* SOURCE INFORMATION *
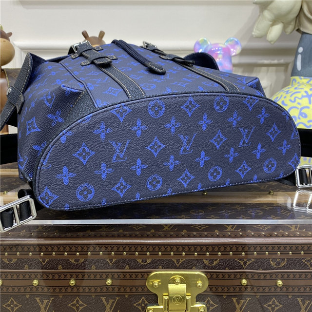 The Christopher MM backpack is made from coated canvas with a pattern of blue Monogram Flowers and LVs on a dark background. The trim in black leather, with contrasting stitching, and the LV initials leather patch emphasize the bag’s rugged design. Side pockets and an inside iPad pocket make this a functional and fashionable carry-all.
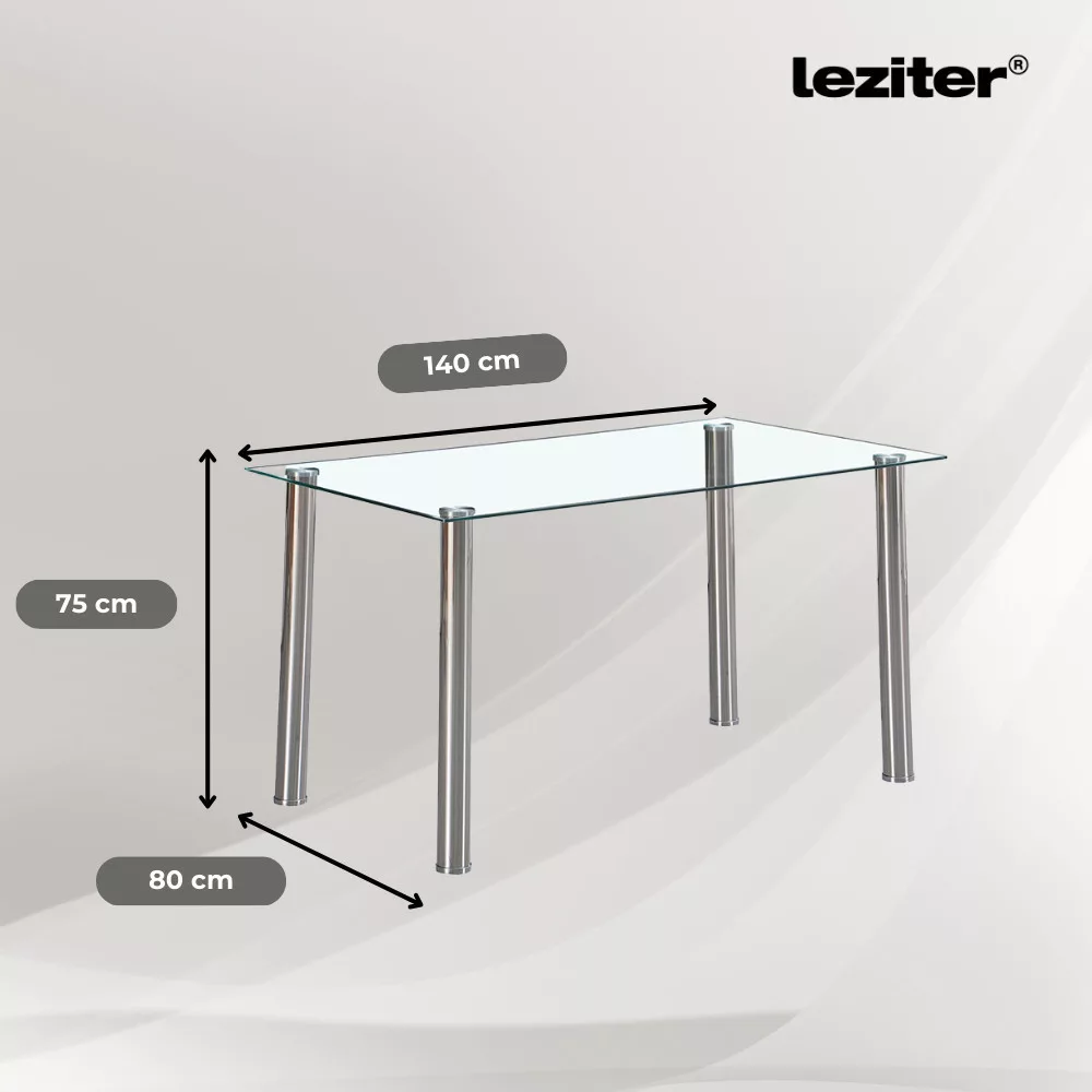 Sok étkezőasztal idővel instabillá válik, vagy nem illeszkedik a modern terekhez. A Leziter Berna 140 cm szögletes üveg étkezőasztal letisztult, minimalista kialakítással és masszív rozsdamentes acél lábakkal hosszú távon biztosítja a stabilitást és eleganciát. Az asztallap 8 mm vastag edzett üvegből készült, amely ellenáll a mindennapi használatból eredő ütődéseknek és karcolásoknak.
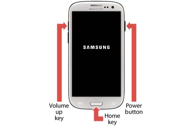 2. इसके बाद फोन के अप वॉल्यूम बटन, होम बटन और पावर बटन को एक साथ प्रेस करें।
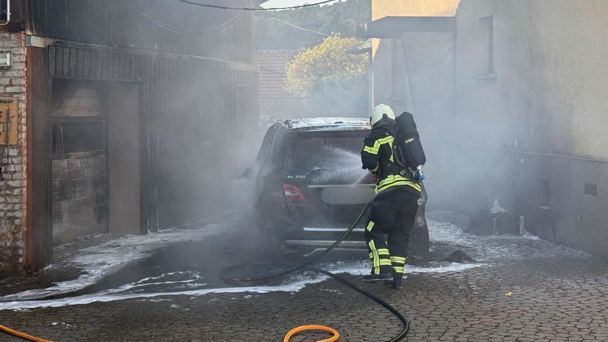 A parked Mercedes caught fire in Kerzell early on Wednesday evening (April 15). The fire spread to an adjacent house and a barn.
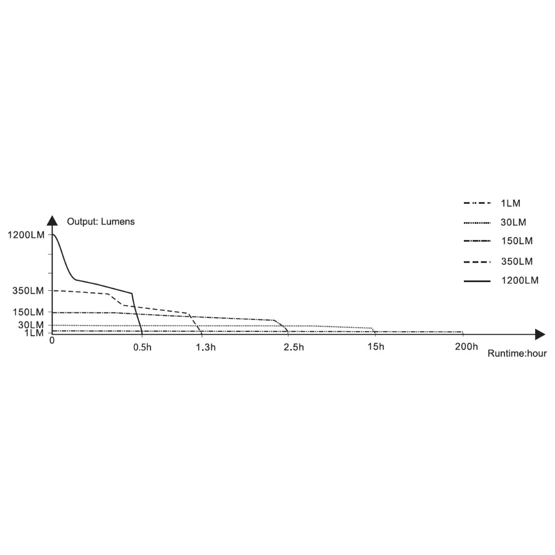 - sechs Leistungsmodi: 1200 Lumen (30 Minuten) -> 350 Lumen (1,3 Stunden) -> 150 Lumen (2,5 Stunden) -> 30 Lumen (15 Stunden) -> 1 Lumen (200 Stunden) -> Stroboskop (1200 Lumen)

* PROBLEM STATEMENT *
Please print the line that contains "A parked Mercedes" along with every later line of the material, exactly, through the last one. Leave pictures out of the copy.

* YOUR SOLUTION *
 A parked Mercedes caught fire in Kerzell early on Wednesday evening (April 15). The fire spread to an adjacent house and a barn.
 - sechs Leistungsmodi: 1200 Lumen (30 Minuten) -> 350 Lumen (1,3 Stunden) -> 150 Lumen (2,5 Stunden) -> 30 Lumen (15 Stunden) -> 1 Lumen (200 Stunden) -> Stroboskop (1200 Lumen)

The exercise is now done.